Oh I wasn't aware of that... Why is that not a safe combo? What should be done instead?

ChrisRackauckas commented 4 years ago

Adjoint methods, without a special correction, cannot differentiate through discontinuities introduced in the event handling code. Essentially if you cause a discontinuous change, there's a boundary term in the integral that needs to be added. Automatic differentiation will automatically handle this, but the adjoint methods which are defining and solving the adjoint equation don't do this without extra terms added to them which we haven't done yet. I have been planning to get to this but it's just a bit time consuming and tricky to handle since there's not really a good derivation out there.

The thing that makes this tricker is that it's only the case where you introduce discontinuities which require the extra term (integrator.u = ...). IIRC there's a few packages which rely on the fact that this works. For example, when computing Poincure plots you only need the event detection to find the zero but you don't actually make a modification at the zero, so that's a case where we would be adding an error to a working code.

I hope we can get someone on this in the next month because it's a known wart with weird edge cases. We do mention it in the docs:

https://diffeq.sciml.ai/latest/analysis/sensitivity/#Choosing-a-Sensitivity-Algorithm

The methods which utilize altered differential equation systems only work on ODEs (without events), but work on any ODE solver.

But probably not prominently enough.

samuela commented 4 years ago

Hmm, I could envision how a boundary term could pop out of these discontinuities, but I'll have to think a bit more about exactly what it should be...

If you end up coming across any references that touch on this I'd def be interested in giving them a read.

ChrisRackauckas commented 4 years ago

There's a reference in https://github.com/SciML/DiffEqSensitivity.jl/issues/4#issuecomment-369219280 (and note: I could never find a single thing showing Sundials working with that case, so that seems to be a false lead, but that thesis at least has a decent derivation that an implementation could be done from, but it doesn't seem as clean as I'd expect it to be)

samuela commented 4 years ago

You can't mix continuous callbacks and InterpolatingAdjoint in most cases. Is ReverseDiffAdjoint fine here?

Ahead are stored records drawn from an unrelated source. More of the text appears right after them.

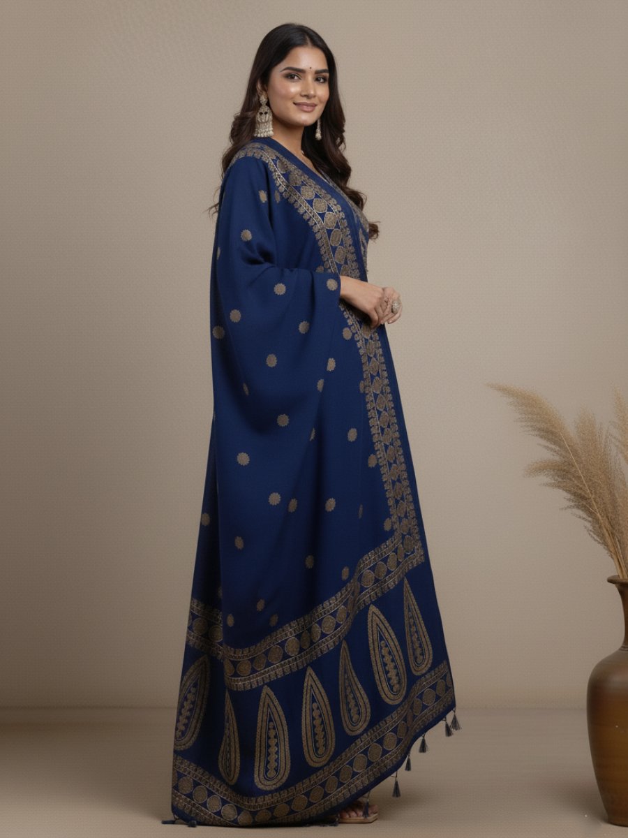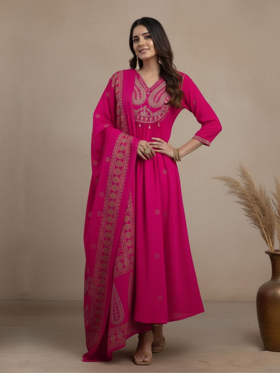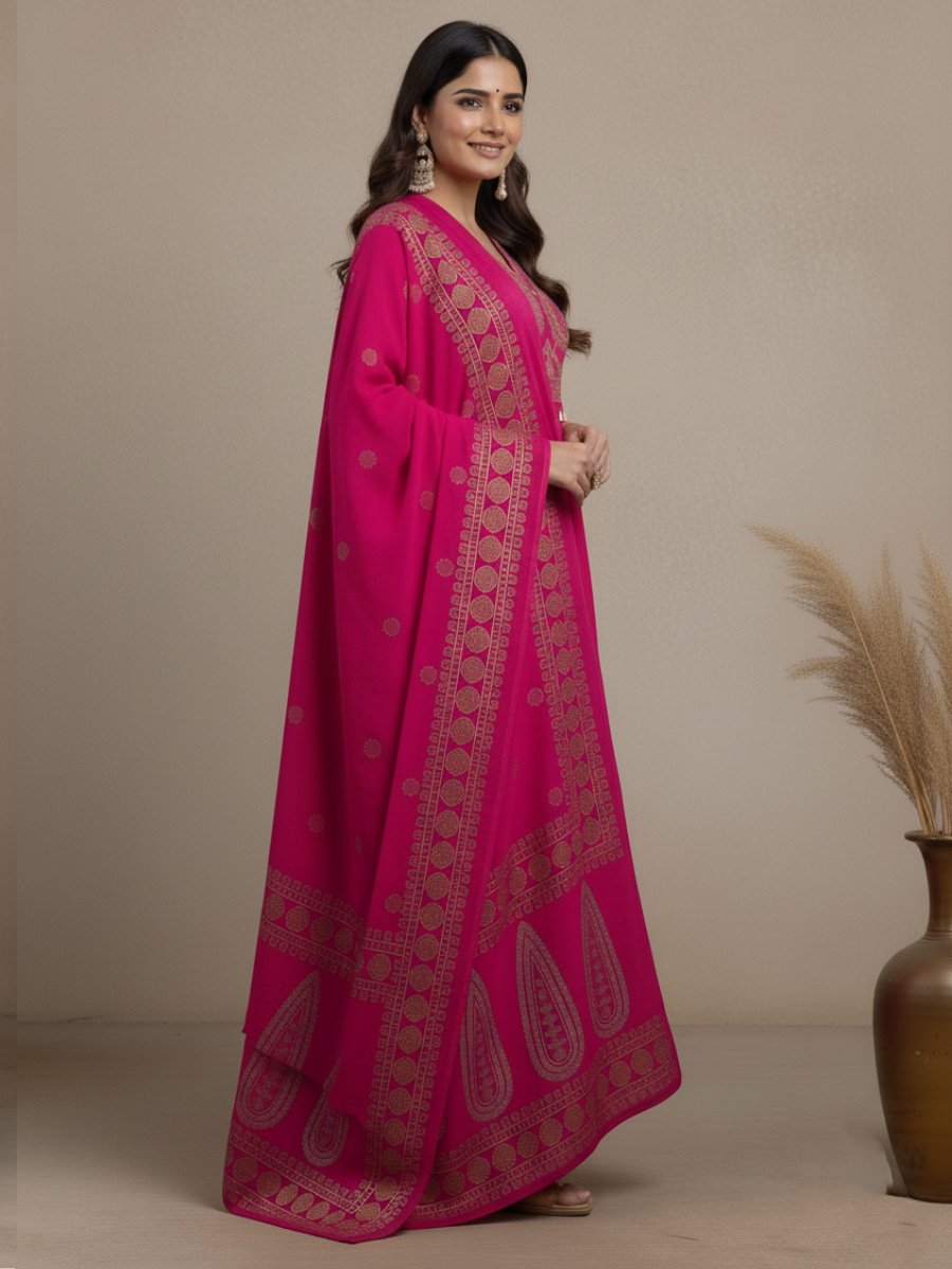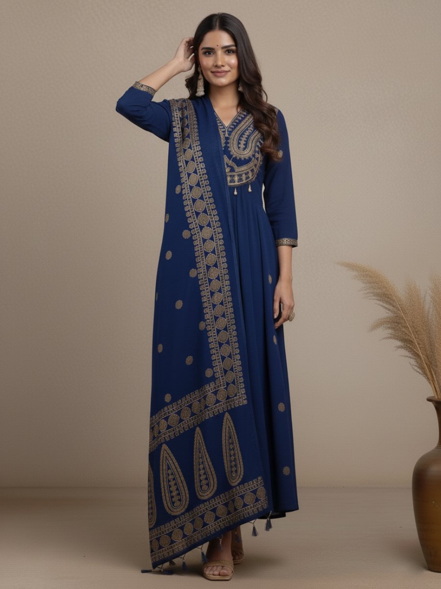 Completing the look is the Fully Printed Dupatta, featuring intricate traditional motifs (like the gold foil/paisley print) that perfectly complement the Kurti, creating a cohesive and opulent appearance.
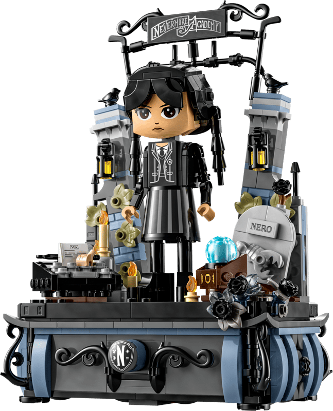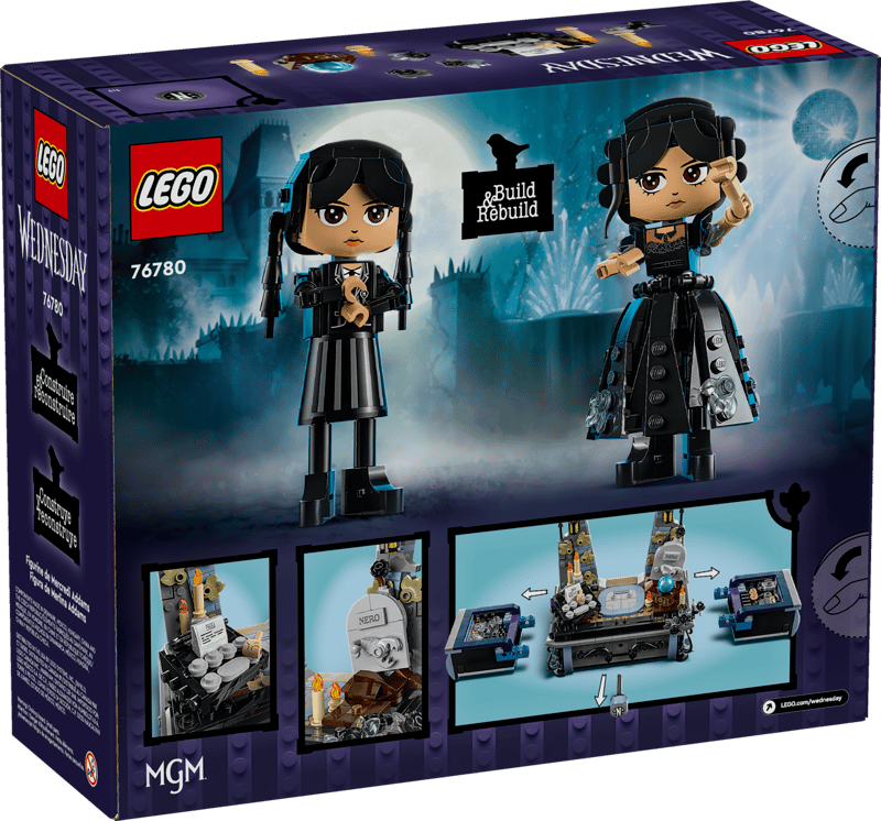 Na dziesięciolatków i starsze dzieci czekają tajemnice i chaos w zestawie Figurka Wednesday Addams (76780). Ten zestaw z serii LEGO® Wednesday zawiera kolekcjonerski model z ruchomą głową, ramionami i stopami, a także dwie twarze i dwie stylizacje, dzięki którym figurkę można przebudowywać. Ponadto obejmuje lojalnego pomocnika Rączkę, podstawkę z czarnymi daliami i dwa schowki na skarby, takie jak sukienka ze szkolnego balu lub mundurek. Całości dopełnia brama Akademii Nevermore i akcesoria, takie jak maszyna do pisania Wednesday, grób Nero, szklana kula i inne.
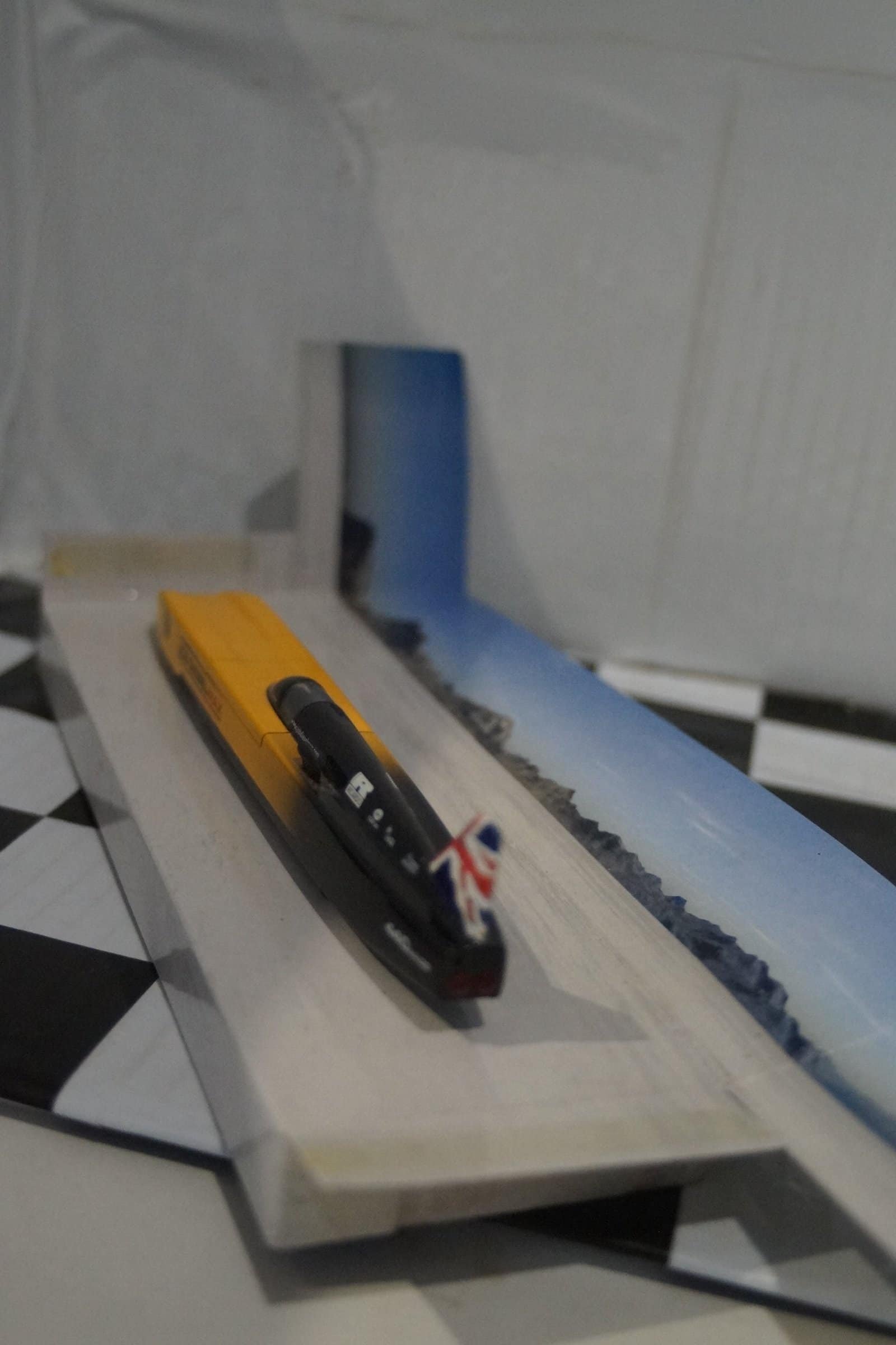 This Model car comes on a Grey Cardboard Base in a Printed outer card box .

Would DiscreteCallback be safe instead?

ChrisRackauckas commented 4 years ago

Not if you modify integrator.u. There is no discontinuity term w.r.t. t any more but there still is w.r.t. u, so you need to perturb lambda by the derivative of the callback function itself.

samuela commented 4 years ago

Oh, right right. So (IIUC?) the thing that's missing then is "backprop" through the callback functions themselves, ie figure out where the callbacks happen in the forward pass, start from the end doing a callback-less adjoint solve until you hit a known callback time, at which point you pipe the adjoint at that time through the reverse AD of the callback function and continue with the next smooth segment.

samuela commented 4 years ago

Oh, right right. So (IIUC?) the thing that's missing then is "backprop" through the callback functions themselves, ie figure out where the callbacks happen in the forward pass, start from the end doing a callback-less adjoint solve until you hit a known callback time, at which point you pipe the adjoint at that time through the reverse AD of the callback function and continue with the next smooth segment.

So that was a lie. Here's a counterexample: https://gist.github.com/samuela/95dfd752c53e712a984e22832ca72fbe. In this case we try simulating a simple billiards ball hitting a bumper in 1-d (pilfered from the DiffTaichi paper). tl;dr is that just piping the adjoints through is not sufficient to get correct gradients.

This example raised the question: How can I get the times where my callback actually fired in the forwards solve? I wasn't able to figure out any way to recover that information.

ChrisRackauckas commented 4 years ago

This example raised the question: How can I get the times where my callback actually fired in the forwards solve? I wasn't able to figure out any way to recover that information.

You'd have to create a cache array yourself there.

ChrisRackauckas commented 3 years ago

This one was fixed awhile back and we forgot to close it.